** Source information follows **

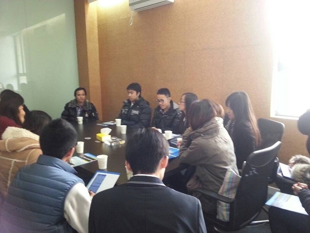 2014年1月10日下午,伟德Betvictor(中文版)APP下载 兼职辅导员郭梦雅带领十余名大四学生,一同走访了考拉船务有限公司,公司胡惠生经理、孙伟松经理和徐黎丽经理三人热情招待了我院师生。
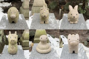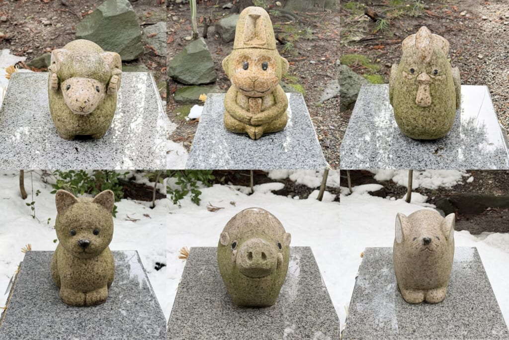 境内には干支の石像が並び、自分の干支を探したり写真を撮ったりと、参拝の楽しみが広がります。
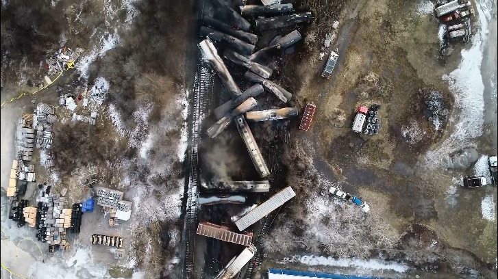 出事列車由美國諾??四戏借F路公司運營,3日晚行至俄亥俄州東部鄰近賓夕法尼亞州時脫軌,其中10節車廂裝載有毒化學品,包括易燃且致癌氣體氯乙烯。應急人員6日下午對這些氯乙烯進行“受控釋放”和燃燒,理由是防止大規模爆炸發生。
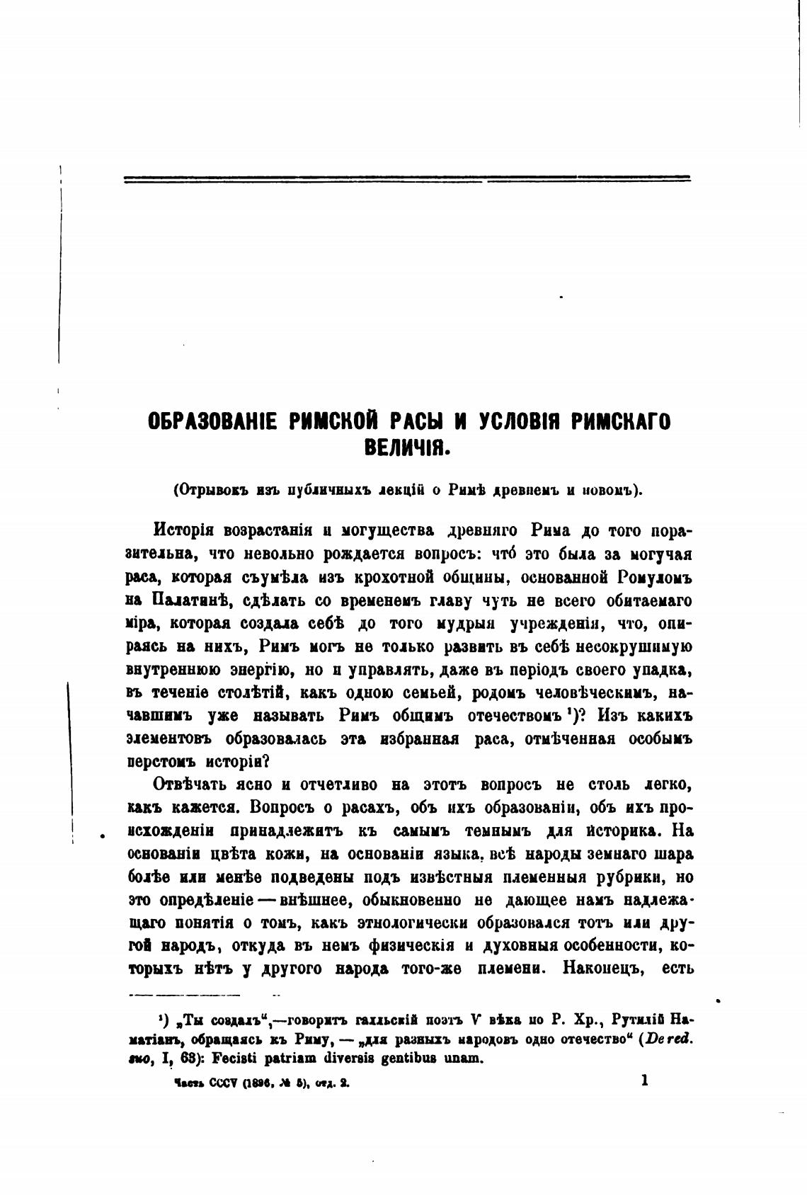 (Отрывовъ изъ пубјичныхъ лекцјй о Рим± древпенъ и новомъ).
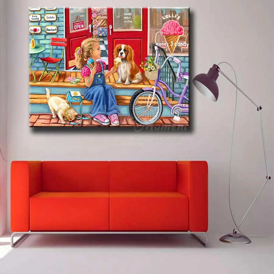 Ever Moment, алмазная краска, вышивка крестиком, Настенный декор для маленькой девочки и собаки, магазин мороженого, ручная работа, ручная работа, краска с бриллиантами 5L755
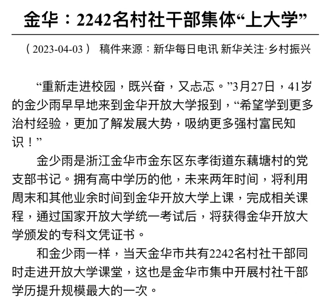 4月3日,新华每日电讯刊发《金华:2242名村社干部集体“上大学” 》,聚焦金华集中开展村社干部学历提升,多措并举提升村社干部的能力。
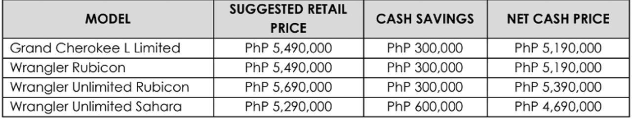 “This event is more than just a sale; it's an invitation to experience the essence of the Jeep brand. "We're excited to showcase our iconic lineup of vehicles and provide our customers with unparalleled savings and opportunities to win exciting prizes,” said Valerie Yu-Leong, AVP for Sales and Marketing at Inchcape Philippines.
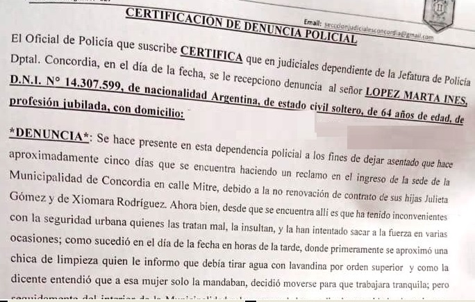 Más tarde, en la Jefatura de Policía, Marta López hizo una denuncia. Según una copia de la misma enviada a DIARIOJUNIO, se señala que hacía cinco días que se encontraba haciendo un reclamo en el ingreso de la sede de la Municipalidad debido a la no renovación de contrato de sus hijas Julieta Gómez y de Xiomara Rodríguez.
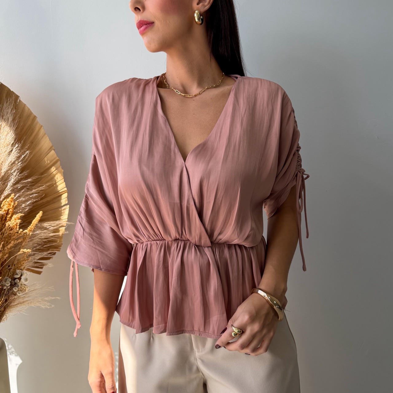 Se você busca uma peça com presença e sofisticação, essa bata é simplesmente perfeita. Com um caimento leve e tecido acetinado, ela traz aquele brilho sutil que transmite elegância na medida certa — verdadeira “cara de mulher fina”.
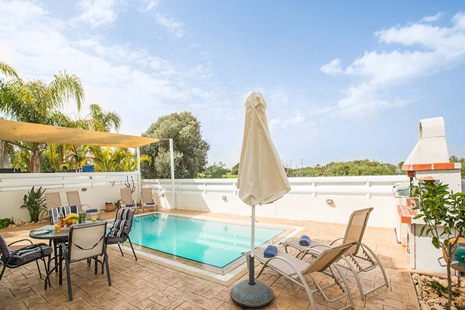 Udenfor den private og lukkede have er der en 8 x 4 meter pool omgivet af liggestole samt en parasol og overdækket terrasse for den vigtige skygge fra sommersolen. Et havebord og stole samt en indbygget grill og vaskeområde giver de perfekte rammer til udendørs spisning og underholdning i de lange sommeraftener. Alt i alt er dette en fantastisk villamulighed for familier, der ønsker at holde ferie ikke langt fra alle faciliteter
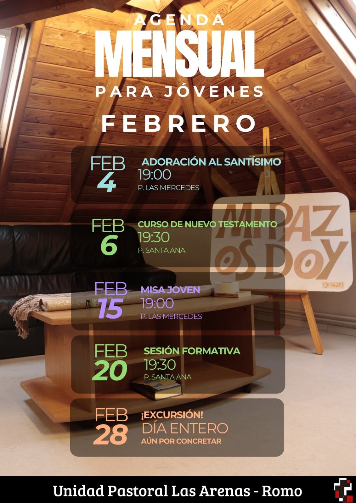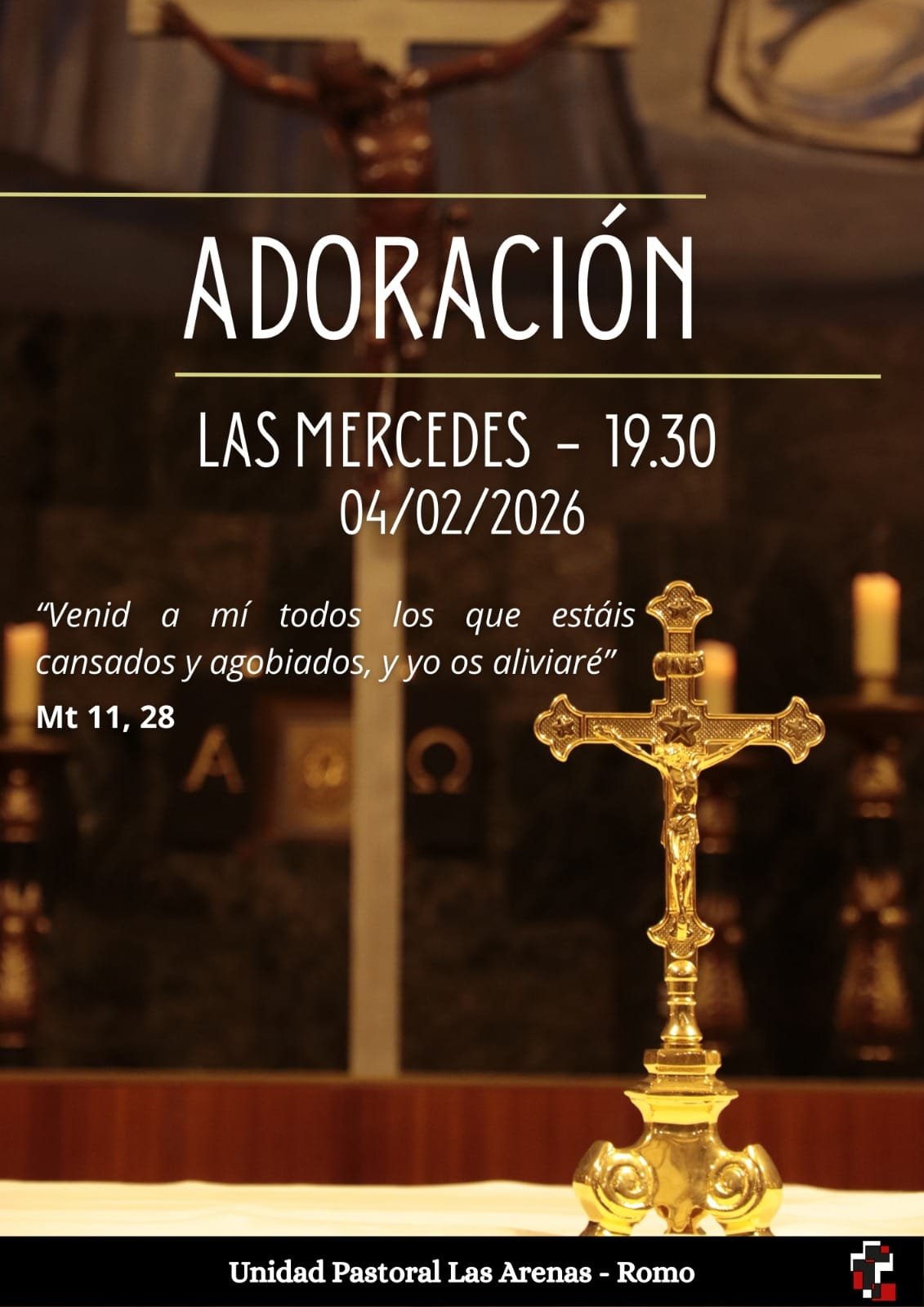 Asteazkenean, otsailak 4, hil honetako Santuaren Gurtza izango da, Las Mercedesen 19:00etako meza eta gero, ohi bezala abesbatza gazteak lagundurik.
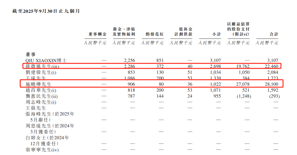 同时,红星资本局注意到,其高管录得千万元以上薪酬。2025年前三季度,CEO孙微风和CFO施晓烨薪酬分别为2246万元和2810万元,远高于创始人、董事长仇肖莘的薪酬311万元。不过,其薪酬构成中,以权益结算的股份支付占比较大:孙微风以权益结算的股份支付金额为1976万元,施晓烨为2708万元。
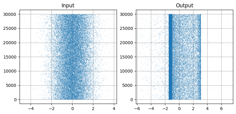 ガウス分布なので当然だが、左の散布図はガウス分布らしく見える。「ガウス分布らしい」とは平均 \(0\) を中心とした白色ノイズに見えるという意味である。これに対して f(data) の散布図には目に見える構造がある。垂直の帯が二つあり、その間に大量の点が存在する。帯の外側には点がほとんど存在せず、どちらかと言えば負の部分に点が多い。
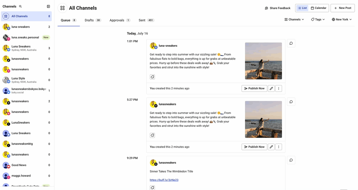 Calendar View: See all scheduled posts by date and time in a calendar format.
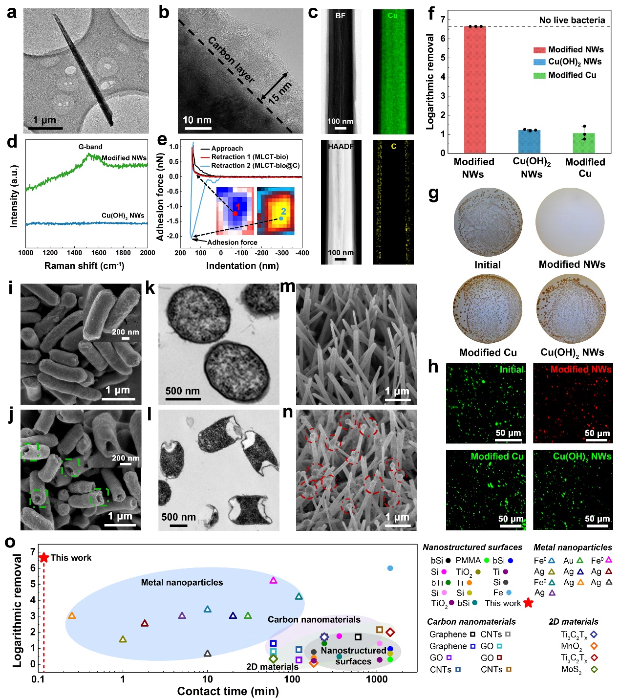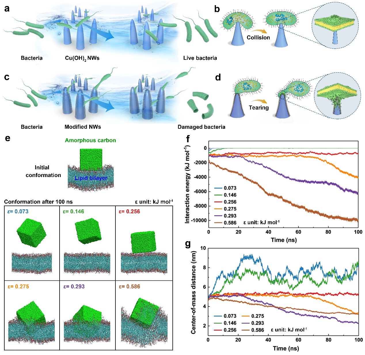 研究人员利用多孔泡沫铜制备了碳包覆纳米线,当受污染水样流经该材料时,即可对水中细菌造成严重的机械破损(图2)。结合流场计算、细菌机械强度测试,以及细菌受力有限元模拟,证实碳包覆纳米尖端的瞬时粘附-流场撕扯效应能够突破细菌的临界应力,而水流冲击下细菌与纳米尖端发生的碰撞作用不能破坏细菌。
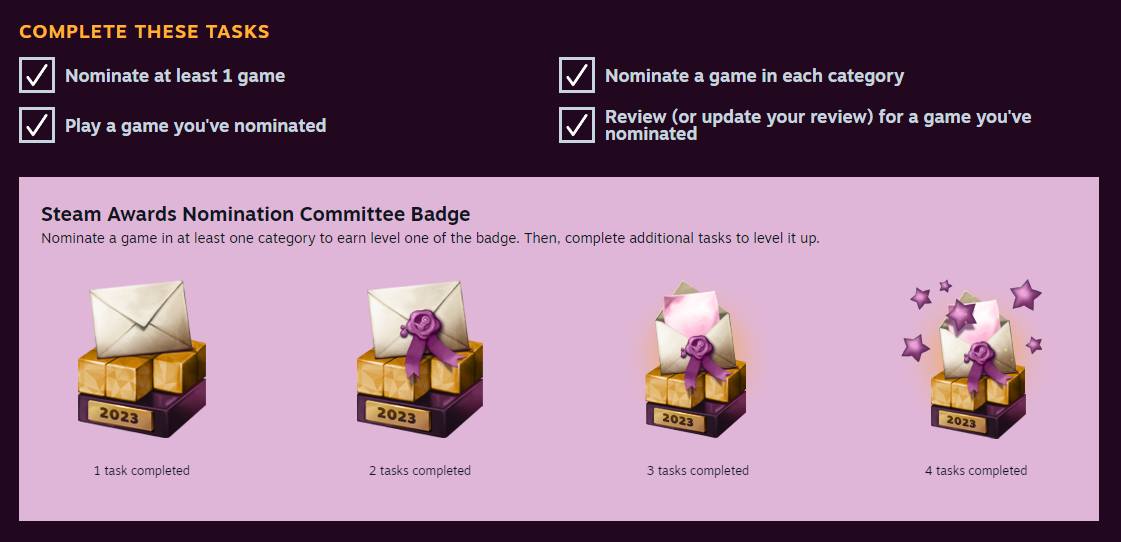 Steam Autumn Sale 2023 započeo je 21. studenog, a korisnici su imali priliku nominirati svoje omiljene igre u raznim kategorijama poput Igre godine, Labor of Love, Better with Friends, itd. Pored toga, igrači su imali priliku osvojiti Steam Awards Nomination Committee Badge ispunjavajući četiri zadatka, uključujući i recenziju igre koju su nominirali.

** End of Source information **

■ Requirement ■
With the pictures removed from your copy, retype the lines above from the one that contains "(Отрывовъ изъ пубјичныхъ" through the one that contains "at Inchcape Philippines.", exactly.

■ Result of the exercise ■
 (Отрывовъ изъ пубјичныхъ лекцјй о Рим± древпенъ и новомъ).
 Ever Moment, алмазная краска, вышивка крестиком, Настенный декор для маленькой девочки и собаки, магазин мороженого, ручная работа, ручная работа, краска с бриллиантами 5L755
 4月3日,新华每日电讯刊发《金华:2242名村社干部集体“上大学” 》,聚焦金华集中开展村社干部学历提升,多措并举提升村社干部的能力。
 “This event is more than just a sale; it's an invitation to experience the essence of the Jeep brand. "We're excited to showcase our iconic lineup of vehicles and provide our customers with unparalleled savings and opportunities to win exciting prizes,” said Valerie Yu-Leong, AVP for Sales and Marketing at Inchcape Philippines.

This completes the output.